ぶんやさんち

ぶんやさんの記録

ジェロモー・サンド著『ユダヤ人の起源』

2010-06-14 15:48:19 | ときのまにまに
今朝の朝日新聞グローブ版にジェロモー・サンド氏の『ユダヤ人の起源』の著者ジェロモー・サンド氏のインタビュー記事が掲載されていました。私自身はこの著書を読んでいませんし、著者についてここに記されている以上のことは何も知りません。しかし、本日の朝日新聞に書かれていることだけでもかなり重要なことなので、一言書いておきたいと思います。

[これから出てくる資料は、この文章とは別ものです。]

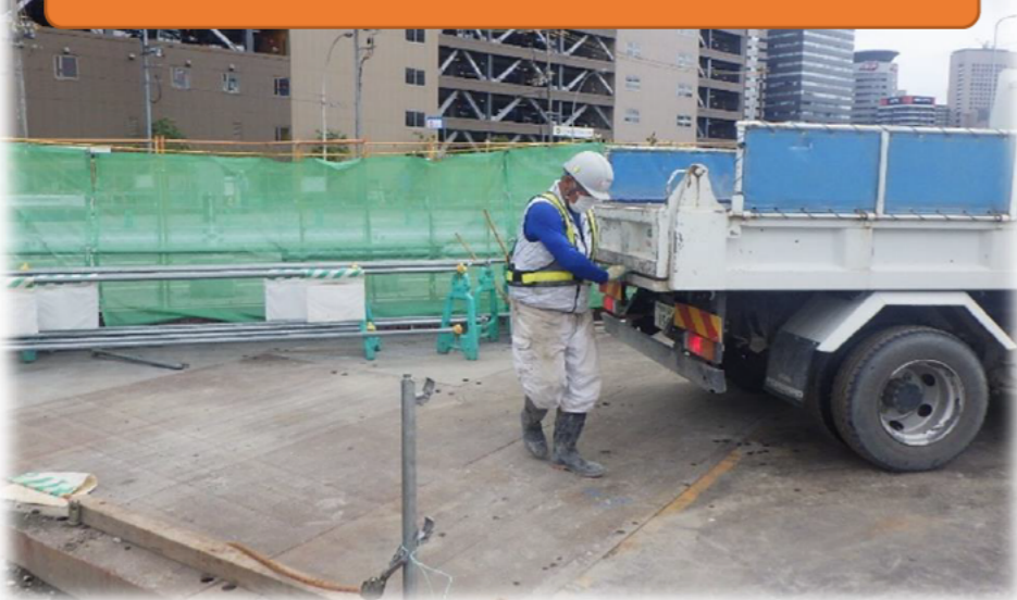
ダンプ走行前、後部の確認・清掃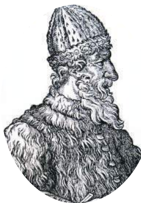
Великий князь Иван III

До XVIII века чиновники на Руси жили благодаря так называемым «кормлениям», то есть, при отсутствии оклада за исправление должности, разрешению на подношения от заинтересованных в их деятельности лиц. Одаривали их не только деньгами, но и «натурой» — мясом, рыбой, пирогами и пр., что было делом обыкновенным.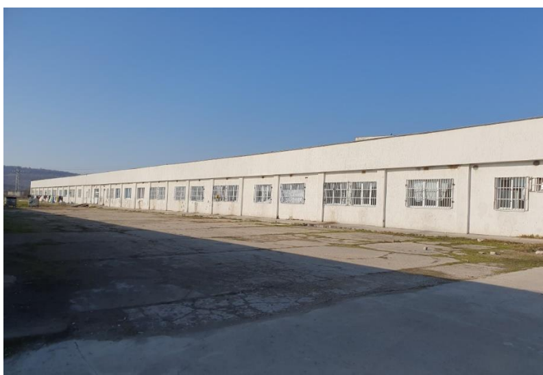
Девето хале на РПЦ-Харманли

Девето хале се помещава в едноетажна сграда, в която почти всички стаи се ползват за настаняване на лица търсещи закрила. На всички прозорци има поставени решетки.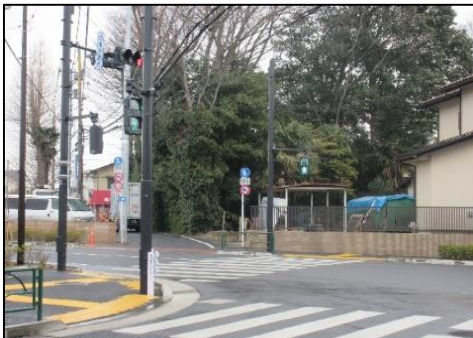
【信号機を歩車分離式に改善した事例】

先ず、著者は明解に「(現在の)ユダヤ人は聖書のユダヤの民とつながる起源はない」と述べます。このこと自体、私にとってとてもショックなことです。ショックという意味は、これまで私が思っていたことと大きく離れるからです。それほど、強く確信していた訳ではありませんが、何となく現在、「ユダヤ人」と呼ばれている人たちは、聖書で言うユダヤ人とつながっている思っているからです。ところが彼は先ずそこの「曖昧さ」を突き通します。そう言われてみて、それに反論する根拠が私にはないことを先ず告白しておかねばならないでしょう。

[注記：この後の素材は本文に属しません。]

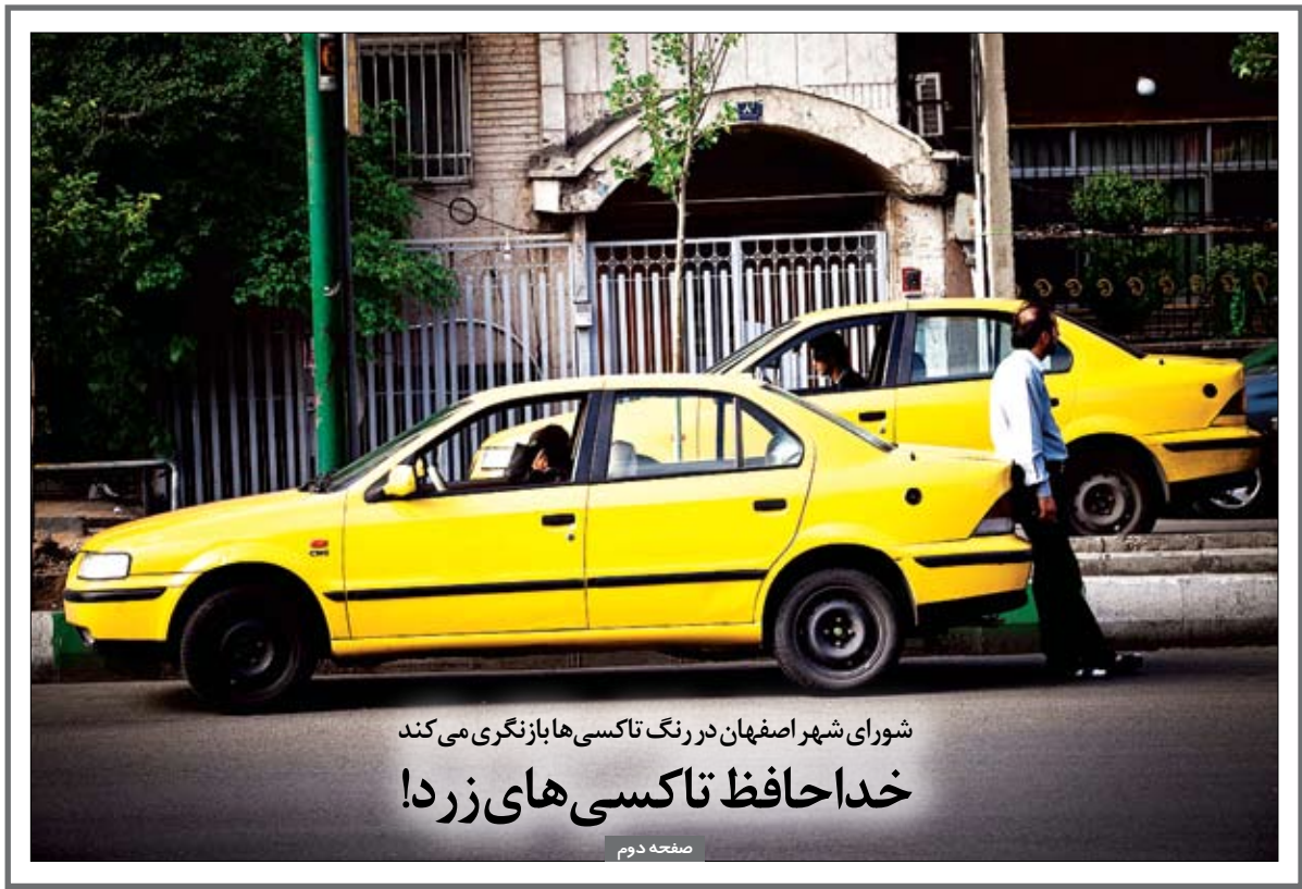
شورای شهر اصفهان در رنگ تاکسی‌ها با زنگری می‌کند خدا حافظ تاکسی‌های زرد!

وزارت کشور اعلام کرده بود این هفته اسامی چهار استاندار جدید اعلام می‌شود اما نمایندگان مجلس می‌گویند هنوز برای انتخاب استاندار اصفهان به نتیجه نرسیده‌اند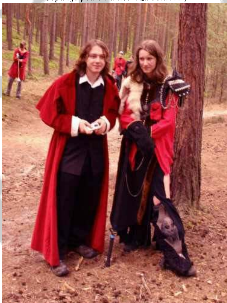
Povšimněte si toho co má slečna (to je ta vpravo J ) na své levé noze....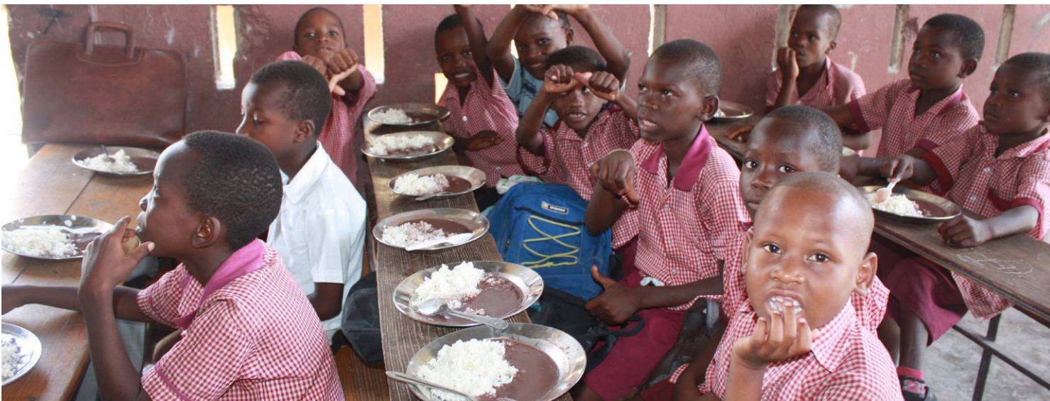
Cantine de Cité Soleil : les enfants attablés dans leur salle de classe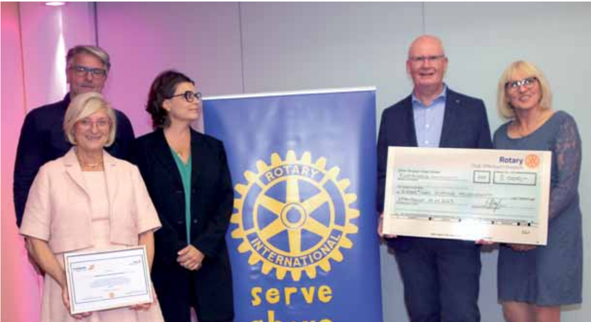
Einen Scheck über 5.000 Euro erhielt die Bürger*innen Stiftung Heusenstamm.

2 x 5.000 Euro gingen als Preisgelder für soziales Engagement in die Region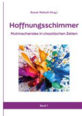
Hoffnungsschimmer Ladenpreis: 20,60EUR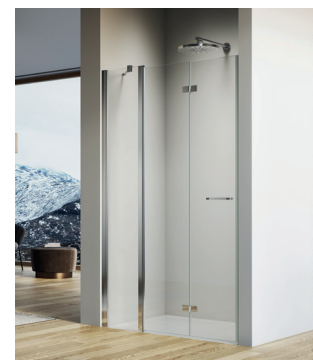
↑ SOLINO Porte repliable et paroi fixe en ligne SOLF13 (Poli-brillant)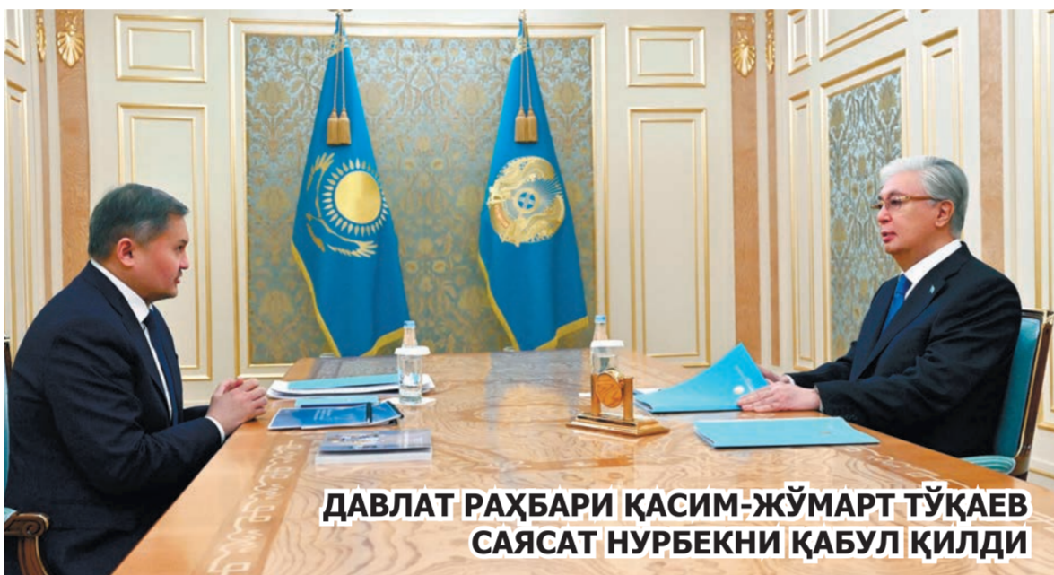
ДАВЛАТ РАҲБАРИ ҚАСИМ-ЖҰМАРТ ТҰҚАЕВ САЯСАТ НҰРБЕКНИ ҚАБУЛ ҚИЛДИ

Президентга меҳнат бозорини таҳлил қилиш натижалари ҳамда 2030 йилгача кадрларга бўлган эҳтиёж тахминлари ҳақида маълумот берилди. Шунингдек, олий таълимдан кенгроқ фойдаланишни таъминлаш, жумладан, "Келешек" дастагини жорий этиш ва соҳани молиялаштиришнинг янги шаклини амалга ошириш чоралари ҳақида сўз юритилди.

そのことの重要さから考えると、ダビデやソロモンの「王国」が存在しなかったということ、その頃のエルサレムは「小さな村」にすぎなかったということもそれほど驚くべきことではありません。あるいは、モーセによる「出エジプト」という出来事も考古学的根拠がなかったと言われれば、「そうかも知れない」と受け流すほかはありません。それは「紅海が二つ割れて、その間を歩いた」という出来事が神話であるということと、それほど大差はありません。
サンド氏の主張の重要なポイントは、ロ-マによるユダヤ人のパレスチナからの追放という出来事が、実は「追放ではなく破壊に伴う移民だ」という点です。しかも、この「移民」ということさえ資料的には曖昧だと言います。当時のユダヤ人の大半は農民で、農民は土地に縛られており、そのままそこに留まったと思われます。従って、現在そこに住んでいる「パレスチナ人」は当時のユダヤ人の末裔であるとします。さらに、7世紀のイスラムの征服により、ユダヤ人が追放されたといわれていますが、実態はほとんどが「ユダヤ教からイスラム教へ」改宗したのだと言います。このあたりの歴史ということになりますと、もうほとんど私の手に及びません。わからないというのが本音です。

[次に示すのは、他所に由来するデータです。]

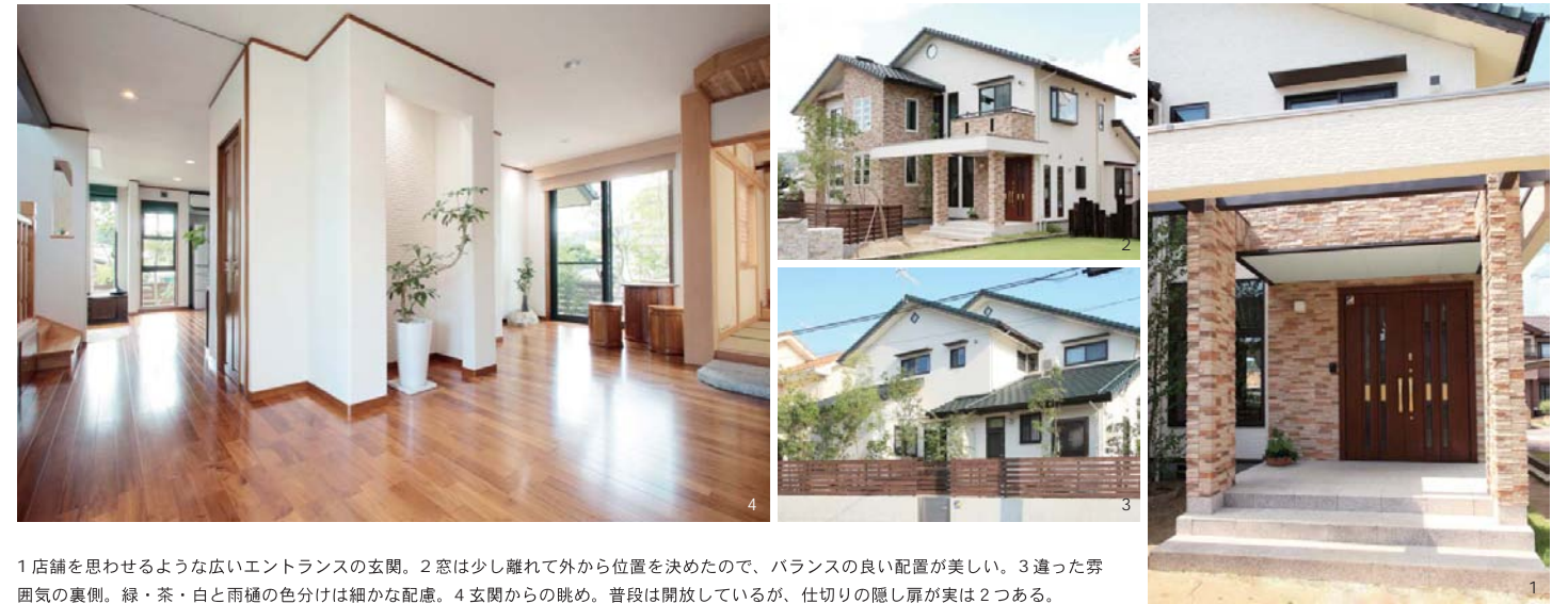
1 店舗を思わせるような広いエントランスの玄関。2 窓は少し離れて外から位置を決めたので、バランスの良い配置が美しい。3 違った雰囲気裏側。緑・茶・白と雨樋の色分けは細かな配慮。4 玄関からの眺め。普段は開放しているが、仕切りの隠し扉が実は2つある。

「一緒に芸術作品を創っているようだった」 ご主人：自分で方眼紙に20通りくらい間取りを書いて、橋本さんに見てもらいました。考えている時は、良いものができそうだなという期待もあったんですけど、階段を真ん中に持つてくる思い切った設計だから勇気がいりました。吹き抜けもあるし、冷暖房は大丈夫かなって不安もありましたね。 橋本さん：ご主人の描かれた間取りを見た時は、変わってるなと思いました。でも、よしやってみよう！ とすぐに決めました。家に対する夢や熱い思いをお持ちだったので、余計にお応えしたいという気持ちになりました。不安な部分はご納得いくまでご相談に応じます。

ところで、この本の著者ジェロモー・サンド氏は、1946年にオーストリアの難民キャンプで生まれ、2歳のときに両親とともにイスラエルに移住し、現在はテルアビブ大学の歴史学の教授です。彼の主張の中心点は「ユダヤ人とは、シオニズムはによって、ユダヤ人国家を正当化するために、聖書につながる民族として作り出されたのだ」と批判します。その上で「イスラエルという国家」を過去によって正当化するのではなく、この国が民主国家に生まれ変わるという将来によって正当化すべきだと主張します。そこにパレスチナ人とイスラエル国民とを一体化する根拠を築こうとしているようです。すばらしい。